Incrementally search for finite counter-examples.

Parameters
  • max_cardinality – maximal cardinality of a model to search for

  • independent_assumptions – a list of assumption which independence we want to check

  • additional_assumptions – a list of additional assumptions

  • check_subset_independence – whether to check every assumption from the list against all the rest or against any combination of the rest

  • server_info – an info string of an Isabelle server

Short scripts useful for other sub-modules

residuated_binars.utils.remove_dirs(dir_list: Sequence[str]) None

Remove a list of sub-directories of a current one.

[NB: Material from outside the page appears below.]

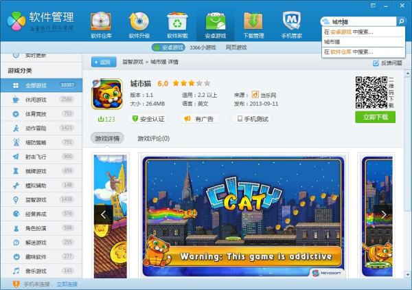 然后通过电脑管家——软件管理——安卓游戏——右上角搜索【城市猫】来找到这款游戏的下载资源。

>>> os.path.exists("remove-test1")
False
>>> os.path.exists("remove-test2")
False
>>> os.mkdir("remove-test1")
>>> os.mkdir(os.path.join("remove-test1", "some"))
>>> os.mkdir("remove-test2")
>>> os.path.exists(os.path.join("remove-test1", "some"))
True
>>> os.path.exists("remove-test2")
True
>>> remove_dirs(("remove-test*",))
>>> os.path.exists("remove-test1")
False
>>> os.path.exists("remove-test2")
False
Parameters

dir_list – sub-folders of the current folder to remove completely (no questions asked!)